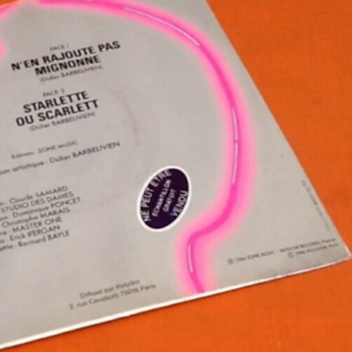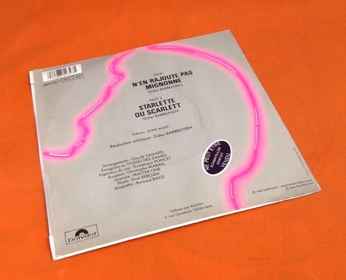 Vinyle 45 tours Dick Rivers N' en rajoute pas mignonne (1986) Polydor 885432 7 Disque promotionnel (réservé à la presse, Dj...) A N' en rajoute pas mignonne 3:16 B Starlette ou Scarlett 4:00
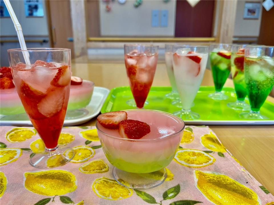 今年は三色のひしもちをイメージした、見た目がカラフルで味もとっても美味しいゼリーとソーダドリンクを作りました♪
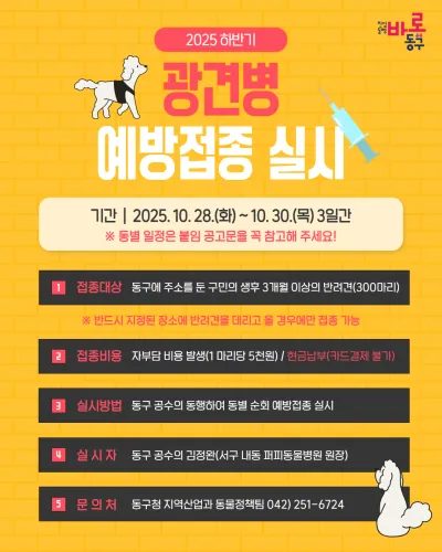 2025년 하반기 광견병 예방접종 실시 | 대전 동구

# # # #

## Work instruction
The output is the data above, repeated exactly, with pictures omitted.

## Solution below
 Vinyle 45 tours Dick Rivers N' en rajoute pas mignonne (1986) Polydor 885432 7 Disque promotionnel (réservé à la presse, Dj...) A N' en rajoute pas mignonne 3:16 B Starlette ou Scarlett 4:00
 今年は三色のひしもちをイメージした、見た目がカラフルで味もとっても美味しいゼリーとソーダドリンクを作りました♪
 2025년 하반기 광견병 예방접종 실시 | 대전 동구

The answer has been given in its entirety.